In this situation, only two parties can register significant revenues from streaming: the music companies, which concentrate a large number of artists and draw royalties on hundreds of millions or even billions of plays, and huge artists like Taylor Swift, whose every song becomes an instant mega-hit with hundreds of millions of streams. And even she, apparently, records more significant income from her super-successful concert tour. Even an artist who registers decent success, say one whose songs get 10 million plays a year, will receive only $30,000 in income from the streaming services.
Apart from that, artists, as well as music companies, suffer from the “functional music” phenomenon, white noise music such as the sounds of rain, sea waves or other soothing sounds designed to help people fall asleep. This music, as far as it can be called music, is often produced by artificial intelligence tools and is gaining a significant share of hearing.

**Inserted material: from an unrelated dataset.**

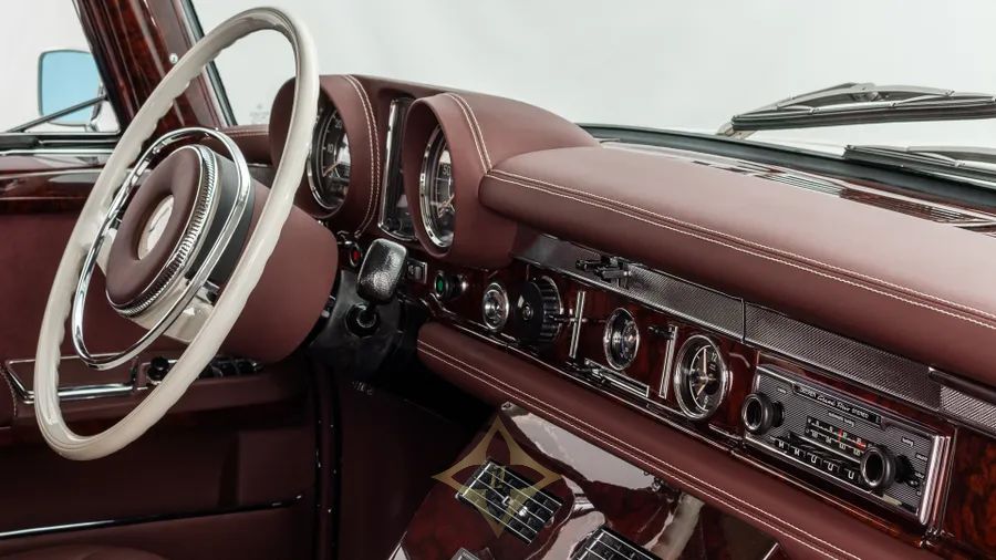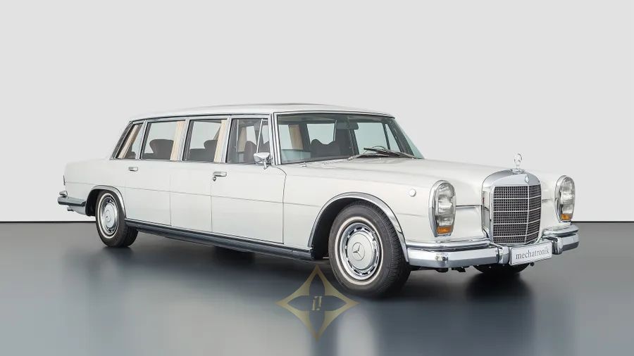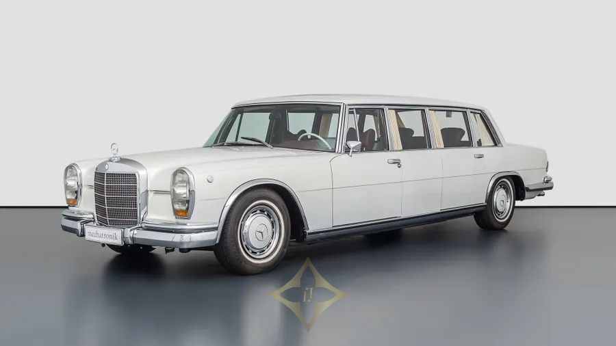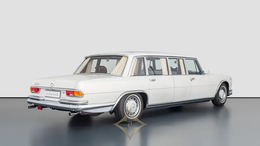 This 600 Pullman was delivered to Lebanon in 1975 in a Mercedes-Benz 172 (anthracite gray metallic) and equipment variant 205 (blue leather). Mercedes-Benz Classic acquired the vehicle in Malaga in February 2007, where it has been since 1997. After purchasing it in 2007, Mercedes-Benz Classic immediately began a restoration that was unique to date. At the customer’s request, the vehicle was completely dismantled and, once the restoration was complete, it was supposed to strike a special balance between the historic Mercedes-Benz 600 Pullman and the comfort of the Maybach series, which was current at the time. The body was completely rebuilt and then painted in mother-of-pearl by Mercedes-Benz in Untertürkheim. The powertrain, i.e. H. The engine, gearbox and axles have been completely overhauled and the chassis has been renewed for the next phase of life of the vehicle. The vehicle received a unique interior that combines the historical with the modern. Various components were specially made or taken from the Maybach series, such as the Maybach glass roof. The outer panorama roof was specially made to the roof line and shape of the 600 Pullman, the inner glass pane comes from the Maybach series. Like the partition between the driver’s seat and the rear seats, this can be transformed into a frosted glass pane at the push of a button. The flat screen was taken from the Mercedes-Benz S-Class W221 Pullman and, thanks to Alpine technology, enables both analog and digital (DVBT) reception. In addition, two separately functioning navigation devices - which also enable precise location determination in the rear area - were installed. There is also a laptop interface in the center console and a DVD player. The entire entertainment equipment is controlled via a read-out data bus in the trunk of the vehicle. Two original, hydraulically adjustable seats, which are optically designed in the Maybach series, ensure comfort in the rear. The original cool box as well as the folding tables and the champagne flute holders from Maybach are located between the seats. For special occasions, a trip with six people is possible thanks to two additional seats. Illuminated cosmetic mirrors for the driver and front passenger were installed in the driver’s area. The air conditioning in the vehicle has been optimized so that even driving in hot countries is possible. The intercom from the Mercedes-Benz S-Class W221 Pullman was installed for communication between driver and passenger. A reversing camera and a front camera were installed to make parking this prestigious vehicle easier. The piping on the door sills was set with Swarovski diamonds on both the front and back. The door entry was decorated with illuminated Mercedes-Benz lettering made of stainless steel panels. The vehicle has standard brackets on the front fenders for representation rides. There is no comparable vehicle that has been restored by Mercedes-Benz with such effort and precision. Our sales staff will be happy to answer any questions you may have at any time. Please note that vehicle inspections are generally only possible by prior appointment.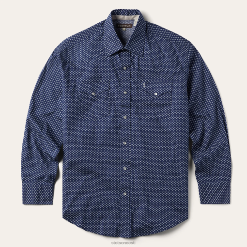 Kõrgest puuvillasest popliinist kootud see krõpsuga lääne särk sisaldab meie allover polaris geoprinti rikkalikus sinises värvitoonis. sellel on ühepunktiline, ülisügav, kumer seljaosa, pärllogo klõpsatused. kontrastne khakivärvi popliin siseviimistluses, stetson ”s” on reljeefne vasakpoolses esitaskus ja stetson reljeefsus paremal varrukal. lõigatud ääris, mis tagab moodsa istuvuse.

On Spotify, for example, white noise podcasts accumulate up to 3 million hours of listening per day.
This volume of listening also hurts the income of the studios because the royalties that Spotify pays per listen are a derivative of a certain share of the subscription fee that the company collects in a certain period divided by the number of listens in that period. If a significant portion of the listening is of tracks created by AI tools, it means that there is less money for royalties for real artists.
Now the industry is trying to find a solution to this problem as well. The French streaming service Deezer recently signed an agreement with Universal Music Group (UMG), the largest music company in the world, in which the service will implement a new model defined as “artist-oriented”. Deezer will pay no royalties for functional music, while artists whose songs have been streamed at least 1,000 times per month by at least 500 listeners will receive double royalties. Songs streamed following a specific search of an artist’s name will also receive double the royalties. In the future, Deezer intends to replace the functional music with its own versions, for which royalties will not be paid. “We effectively remove the incentive to monetize any content on our platform that isn’t music created by artists and that attracts a regular and engaged listener base,” Deezer explained.
However, Universal’s involvement in this process, and the clear prioritization of renowned artists, raises the question of who exactly will be the main beneficiary of the new model.